The task:
Starting at the first line of the data and ending at the line with "You can connect", copy each line exactly. Include both of those lines, but no pictures.

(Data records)

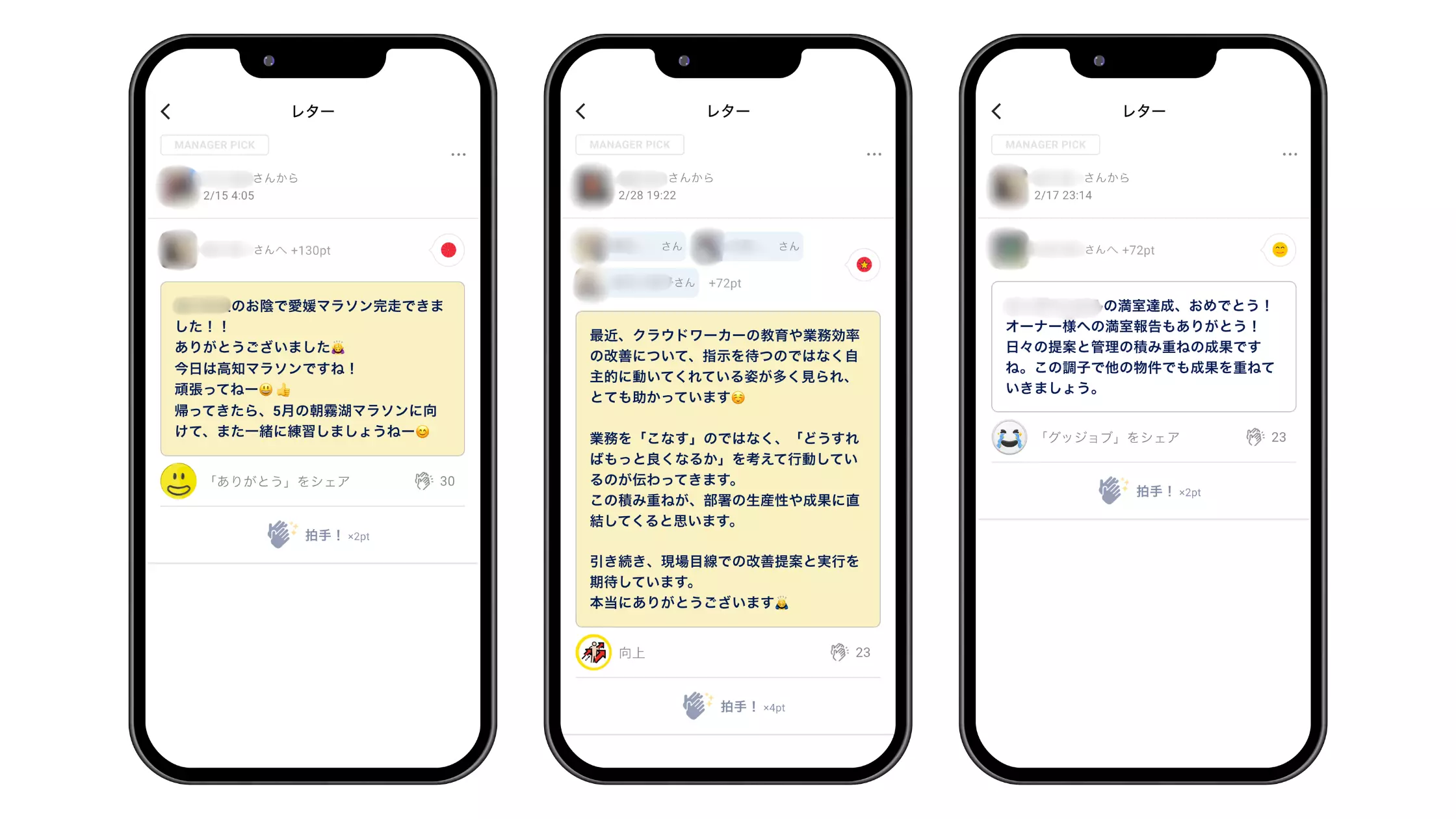 中矢様:先ほどもお伝えしたように、業種によってはシフトによって従業員同士が顔を合わせる機会がまったくないという場合もあります。しかし、顔を合わせることはなくても感謝する機会はあるはずです。他の人が感謝や称賛をしている内容を見ると「あの人はこんなに頑張っているのか」「自分もこういう行動をしてみよう」などと勉強になることもあるでしょう。
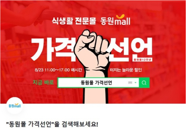 동원몰 가격선언 키워드는 이에 따라 인스타그램과 트윗 등을 강타하고 있으며 신규회원으로 가입해야 하자는 제안도 나온다.
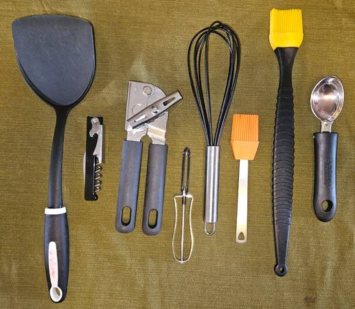 Includes; spatula, corkscrew, can opener, peeler, whisker, two different size basters & one ice cream scooper. 6014 Cross posted. NO HOLDS! If you'd like to pay in advance and pickup later, Venmo or Zelle, that is an option. Cash is still accepted. IT'S NOT SOLD UNTIL PAYMENT IS RECEIVED!
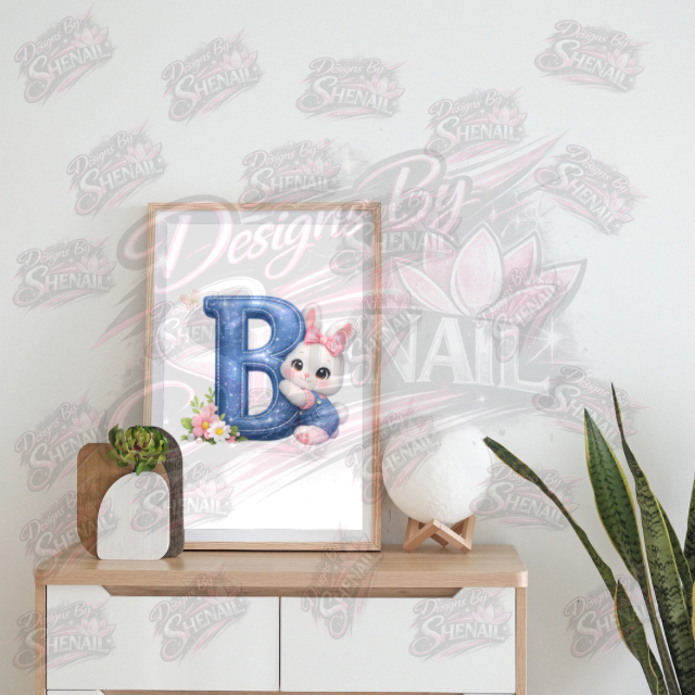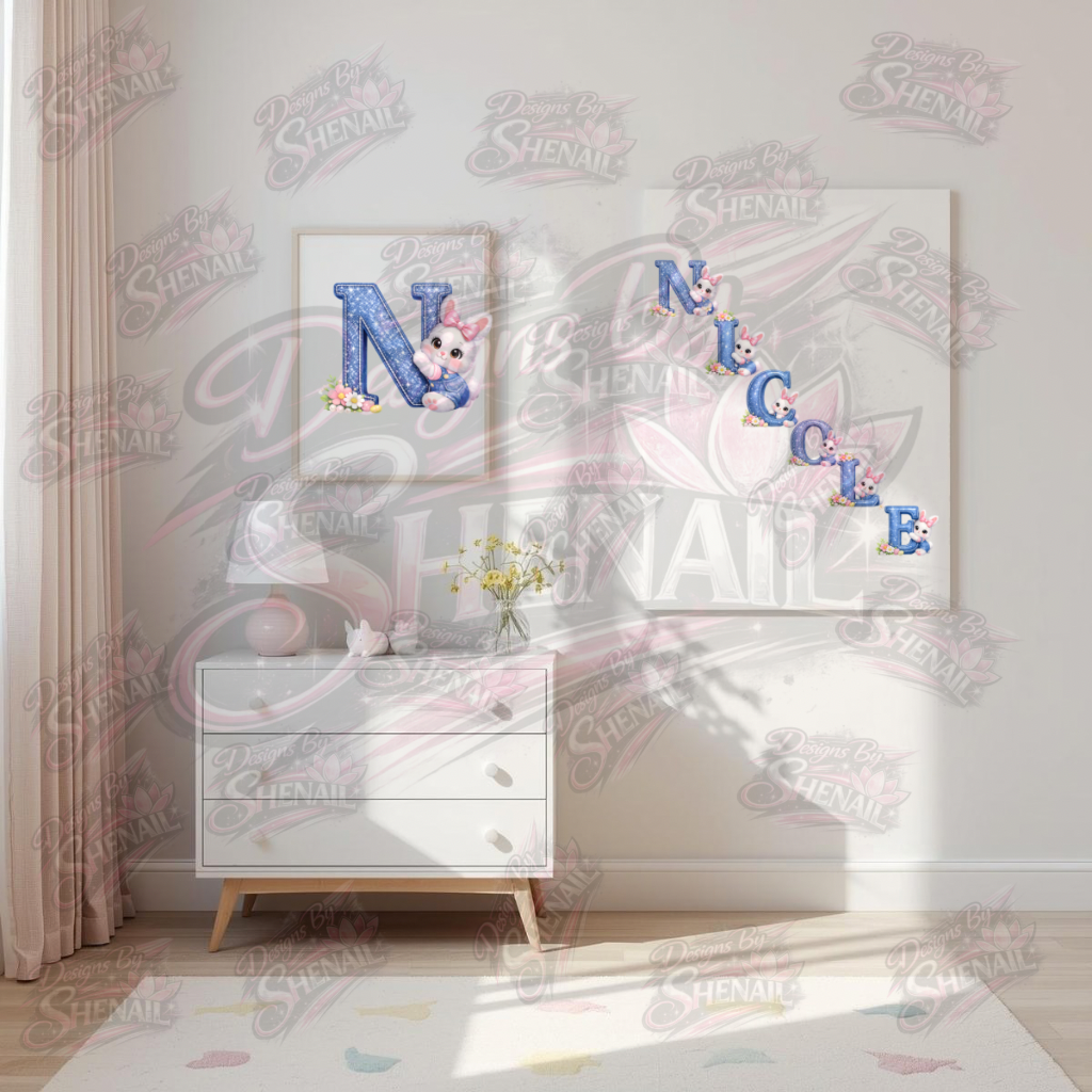 Each letter is styled with a glittery denim look and a cute bunny companion, giving your projects a whimsical storybook feel. The soft flowers, butterflies, and Easter eggs add an extra touch of springtime magic.
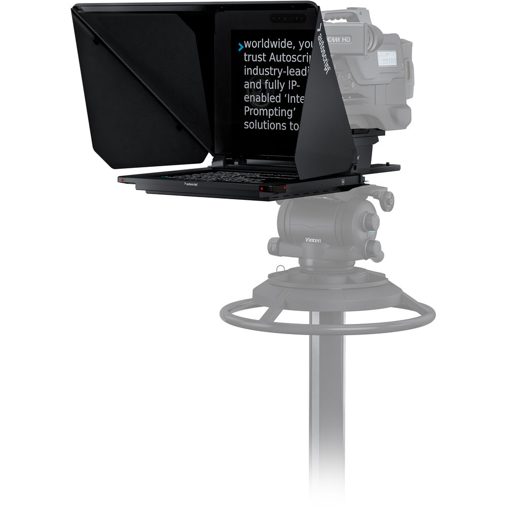 The EVO-IP Prompt Monitor Kit with VITC/D-VITC Inputs includes a 17" prompting monitor, carbon fiber hood, mounting system and camera carriage assembly to suit ENG cameras and camcorders, Tally sensor and cable, cable tray, and power supply. The monitor interfaces directly with a WinPlus-IP software (available separately) using its LAN connector, and supports also HD-SDI, VITC, and composite inputs. Along with its thin and lightweight design, the monitor incorporates four tally lights, providing 270° of visibility around the teleprompter. It features a high-bright, high-contrast solution for clear and readable text in virtually any brightness condition.
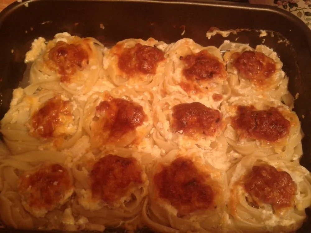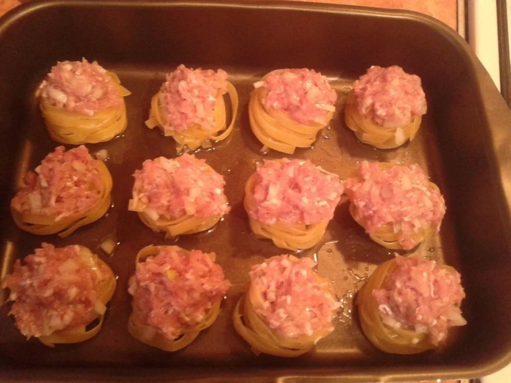 Ингредиенты для приготовления Макаронные гнезда с фаршем в духовке:
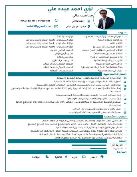 An Egyptian accountant with 16 years of experience in the field of accounting, available to start work immediately, with strong knowledge of Financial accounting General ledger and accounts Preparation of financial reports Working with accounting systems Closing accounts and monitoring expenses and revenues Known for accuracy, commitment, and ability to work under pressure
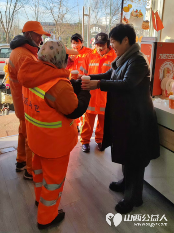 2024年1月5日上午,我看到环卫工人在外面打扫,寒冷的冬天,我把面包和热乎乎的豆浆免费送给了环卫工人手中,让她们感觉到了温暖。
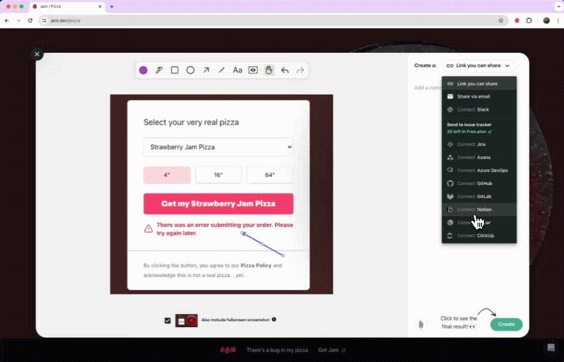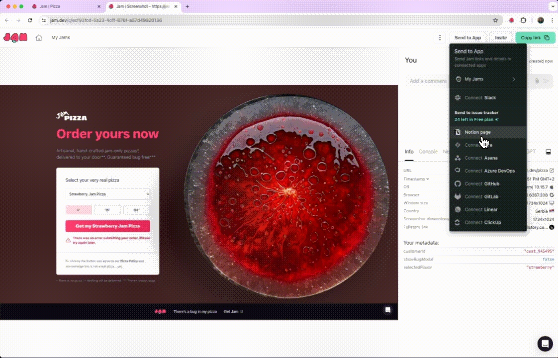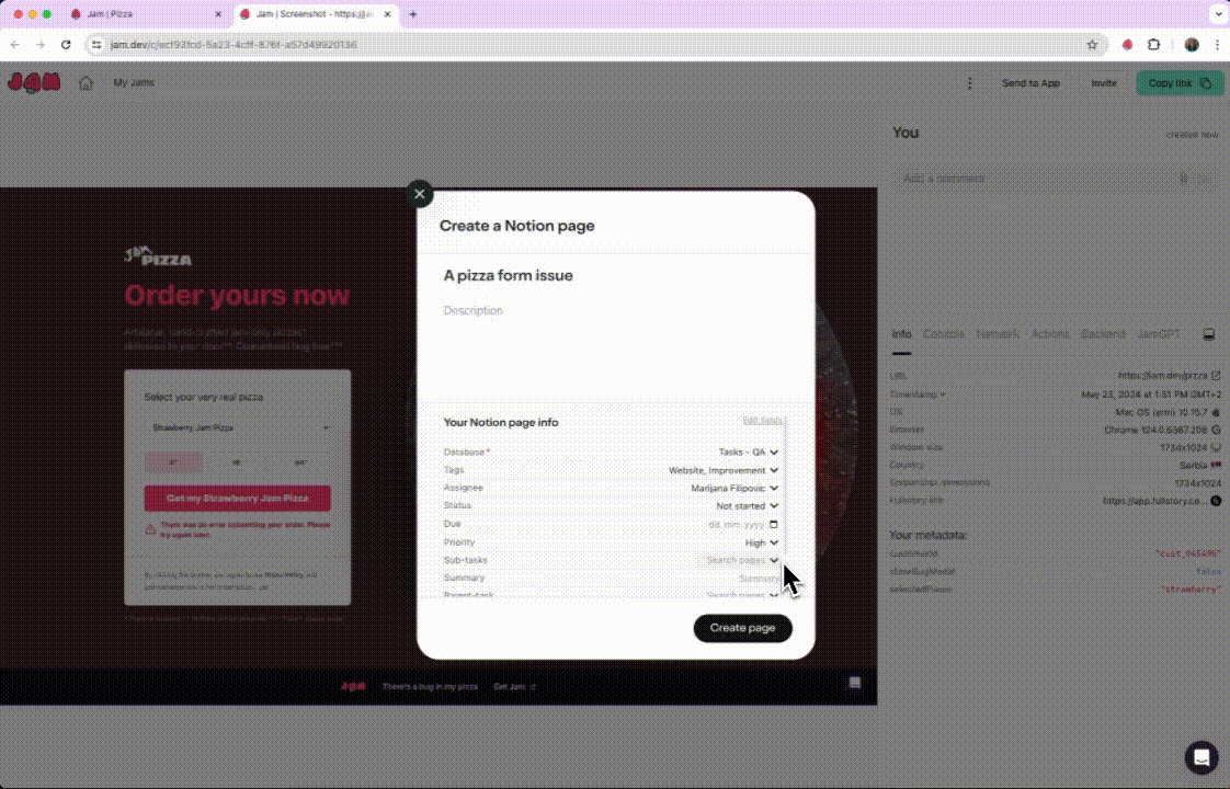 You can connect Notion and Jam in order to instantly create Notion tasks right from Jam's browser extension. Every Notion task you create with Jam automatically includes:
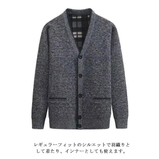 ニットカーディガン Vネック メンズ シニア 厚手 ニット カーディガン 高齢者 春秋冬 厚手 アウター ポケット付き カーデ 羽織り 暖かい 50代 60代 70代 80代 90代 父 祖父 おじいちゃん お年寄り 寒さ対策 送料無料

Task output:
 中矢様:先ほどもお伝えしたように、業種によってはシフトによって従業員同士が顔を合わせる機会がまったくないという場合もあります。しかし、顔を合わせることはなくても感謝する機会はあるはずです。他の人が感謝や称賛をしている内容を見ると「あの人はこんなに頑張っているのか」「自分もこういう行動をしてみよう」などと勉強になることもあるでしょう。
 동원몰 가격선언 키워드는 이에 따라 인스타그램과 트윗 등을 강타하고 있으며 신규회원으로 가입해야 하자는 제안도 나온다.
 Includes; spatula, corkscrew, can opener, peeler, whisker, two different size basters & one ice cream scooper. 6014 Cross posted. NO HOLDS! If you'd like to pay in advance and pickup later, Venmo or Zelle, that is an option. Cash is still accepted. IT'S NOT SOLD UNTIL PAYMENT IS RECEIVED!
 Each letter is styled with a glittery denim look and a cute bunny companion, giving your projects a whimsical storybook feel. The soft flowers, butterflies, and Easter eggs add an extra touch of springtime magic.
 The EVO-IP Prompt Monitor Kit with VITC/D-VITC Inputs includes a 17" prompting monitor, carbon fiber hood, mounting system and camera carriage assembly to suit ENG cameras and camcorders, Tally sensor and cable, cable tray, and power supply. The monitor interfaces directly with a WinPlus-IP software (available separately) using its LAN connector, and supports also HD-SDI, VITC, and composite inputs. Along with its thin and lightweight design, the monitor incorporates four tally lights, providing 270° of visibility around the teleprompter. It features a high-bright, high-contrast solution for clear and readable text in virtually any brightness condition.
 Ингредиенты для приготовления Макаронные гнезда с фаршем в духовке:
 An Egyptian accountant with 16 years of experience in the field of accounting, available to start work immediately, with strong knowledge of Financial accounting General ledger and accounts Preparation of financial reports Working with accounting systems Closing accounts and monitoring expenses and revenues Known for accuracy, commitment, and ability to work under pressure
 2024年1月5日上午,我看到环卫工人在外面打扫,寒冷的冬天,我把面包和热乎乎的豆浆免费送给了环卫工人手中,让她们感觉到了温暖。
 You can connect Notion and Jam in order to instantly create Notion tasks right from Jam's browser extension. Every Notion task you create with Jam automatically includes:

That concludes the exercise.